Audrey Ruple, chair of the University Senate’s Equity and Diversity Committee, said she was “grateful to President Daniels for his statement.”

“I am sure this will have a positive impact on our efforts to address the issues surrounding diversity and inclusion at Purdue University and in our greater community,” Ruple said.

The full text of Purdue President Mitch Daniels' letter

“To my fellow Boilermakers,

“I retract and apologize for a figure of speech I used in a recent impromptu dialogue with students.  My reference was in praise of a specific individual and the unique and exciting possibility of bringing that particular individual to Purdue.  I wasn’t talking about any group or making generalizations. The word in question was ill chosen and imprecise and, in retrospect, too capable of being misunderstood.  I accept accountability for the poor judgment involved.

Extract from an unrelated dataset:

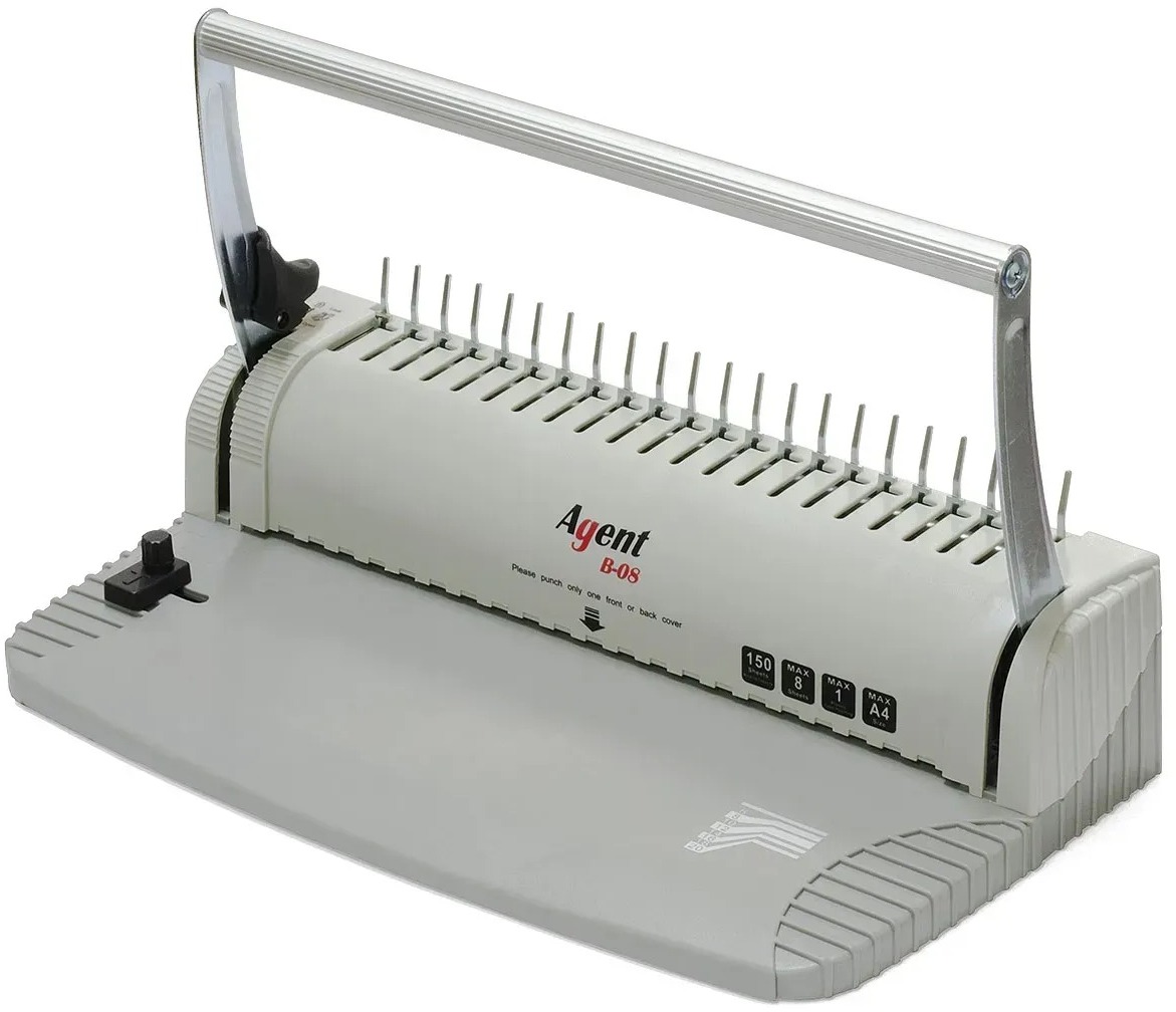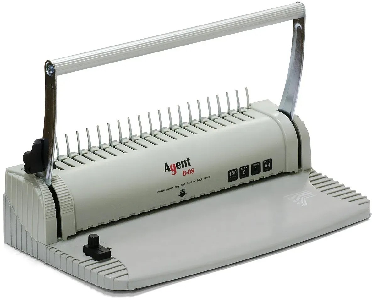 B-08 - механічний біндер для переплетення від бренду Agent. Це модель для використання у великих офісах та копі-центрах. Переплетення з пластиковою пружиною стійке до механічних пошкоджень та забезпечує простоту виробничого процесу.

“To be clear, I sincerely believe that individuals of every race and ethnicity are capable of and demonstrate academic excellence and achieve top recognition in all of the academic disciplines. I also recognize that more needs to be done to recruit, support and encourage individuals from groups that have been historically underrepresented in higher education. My word choice, as clumsy as it was, was an expression of my excitement with the progress of one such effort.

“While I am reviewing past judgment calls, I regret not making some kind of statement at the time of the CVS incident that precipitated the impromptu dialogue and therefore the misunderstanding.  It would have been possible to express the genuine concern we all felt without condemning prematurely any individual or local business establishment before the facts were known.  That was a misjudgment on my part and a lesson for the future.  Sincerely, Mitch.”